Extract Letters, Numbers, Symbols from Strings in Power Query with Text.Select and Text.Remove • My Online Training Hub

In this post I'm going to use the Text.Remove and Text.Select functions in PQ to extract characters from text strings.

I'll show you how to extract letters, either uppercase or lowercase, and a mixture of both, and how to extract numbers, and I'll show you a really cool way to remove a wide range of characters from strings.

I'm going to do this in Excel but you can use the same code in Power BI - just copy/paste the query code from the example file.

Watch the Video

Download Workbook

Enter your email address below to download the sample workbook.

By submitting your email address you agree that we can email you our Excel newsletter.

Please enter a valid email address.

Download the Excel Workbook and follow along. Note: This is a .xlsx file please ensure your browser doesn't change the file extension on download.

Starting with this table in Excel I've got a bunch of random text strings

Power Query Lists

I'm writing a lot about lists in this blog. If you need a refresher then please read Power Query Lists.

So first things first, open Power Query by clicking into the table, then from the Data section of the Ribbon click on From table/range.

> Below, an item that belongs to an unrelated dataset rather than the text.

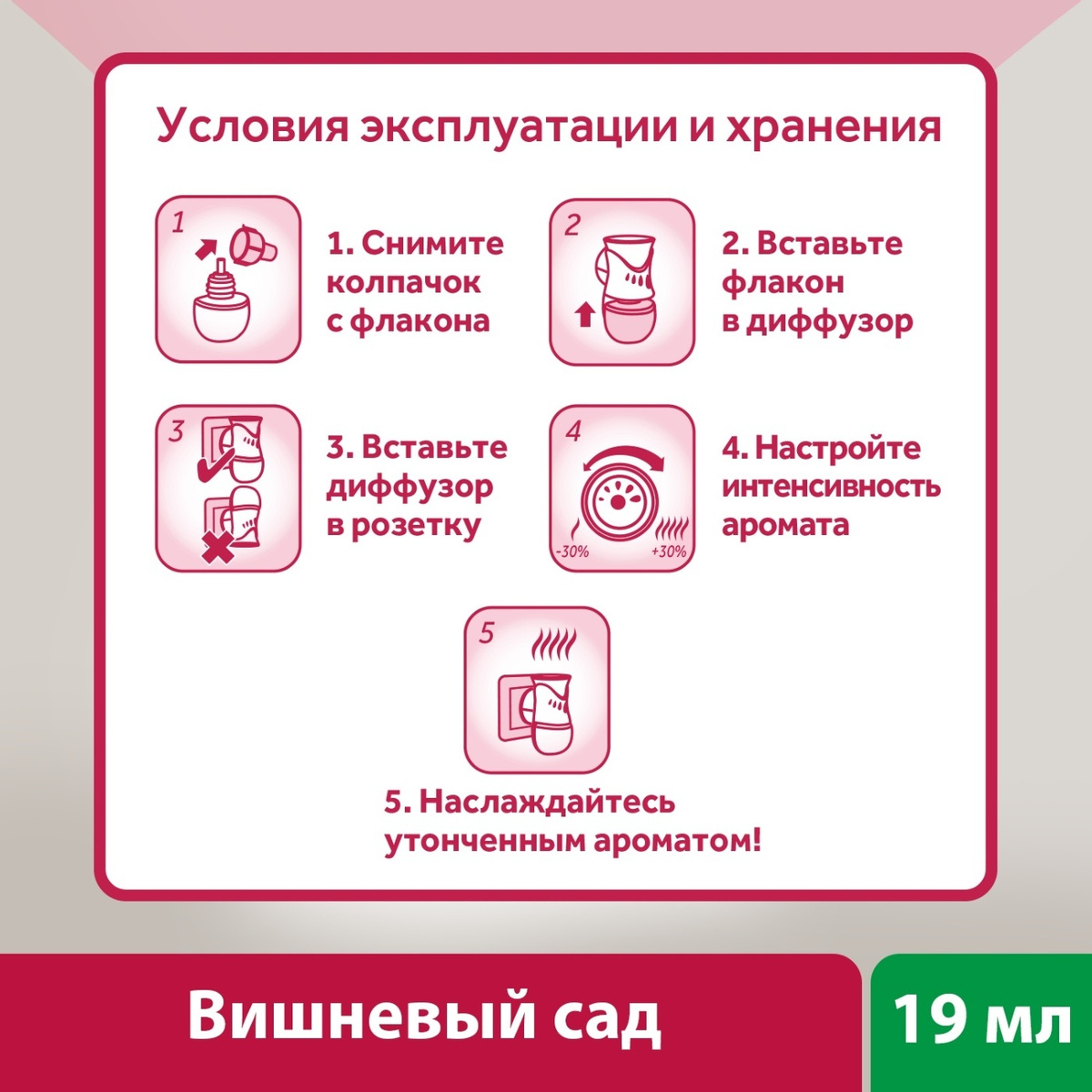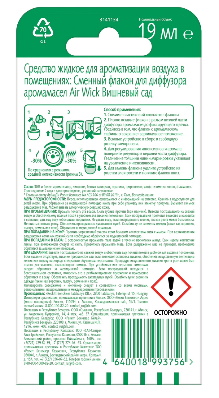Флакон сменный для диффузора аромамасел AirWick Вишневый сад, 19мл обладает ярким и ненавязчивым ароматом, который создаст приятную атмосферу в помещении. Многие современные средства характеризуются довольно резкими и пряными запахами. Их избыток может вызвать неприятные ощущения. Освежитель воздуха от известного бренда действует намного мягче и деликатней. Его специально разработанная система направлена на то, чтобы создать максимально комфортные условия, блокировать неприятные запахи. Флакон устанавливают в совместимое устройство. Распыление происходит автоматически, его интенсивность можно варьировать или вовсе отключить диффузор на время отсутствия (командировки, путешествия). Создайте весеннее настроени�� с нежным нотками цветущей вишни. Подарите вашему дому более 100 дней деликатного аромата с диффузором аромамасел Air Wick. AirWick — американский бренд, под которым на рынок поставляются средства для ароматизации воздуха. В ассортименте представлены средства ручного и автоматического распыления с различными ароматами. Они подходят как для эксплуатации в квартире или жилом доме, так и административных учреждениях. Средства сделаны из качественных и безопасных компонентов, не вызывают аллергии. Продукция торговой марки представлена более чем в 60 странах мира, пользуется заслуженным спросом, уважением и доверием со стороны покупателей.

Rename the query to Text_Select - you can't use a dot in the name so can't call it Text.Select

Extract Lower Case Letters

To extract all the lower case letters, add a new custom column

Call the column Lower Case

The code is Text.Select ( [Text], {"a".."z"} ) , the .. means create a list from the first char "a" to the last "z", and include all letters in between

The contents of the new column look like this

OK that's pretty easy. You can probably guess how to extract the upper case letters.

TIP

Enter opening and closing pairs of brackets/braces at the same time : () , {} and []. Don't open them then type lots of code and get lost, forgetting how many you have to close again. It's easy to do if you are nesting functions or working with lists and records.

Extract Upper Case Letters

Create another custom column and call it Upper Case. The code is

Text.Select ( [Text], {"A".."Z"} )

Extract Numbers

Extracting numbers follows the same pattern, create a custom column, call it Numbers, and the code is

Text.Select ( [Text], {"0".."9"} )

Extract Letters and Numbers

Extracting letters and numbers is a mix of the previous bits of code

We've already seen that to extract lower case letters we use a list define like this { "a".."z" }

So to also extract upper case letters and numbers you add the list definition used for each to give this

{ "a".."z", "A".."Z", "0".."9" }

Add a new custom column called Letters and Numbers, entering this code

and the result this gives is

That's it for Text.Select let's move on to Text.Remove

Text.Remove

As its name suggests, Text.Remove removes text from a string. The syntax is similar to Text.Select, you supply the text string then a list of characters to remove.

Text.Remove requires you to specify what to remove. Whereas Text.Select only needs you to tell it what to keep.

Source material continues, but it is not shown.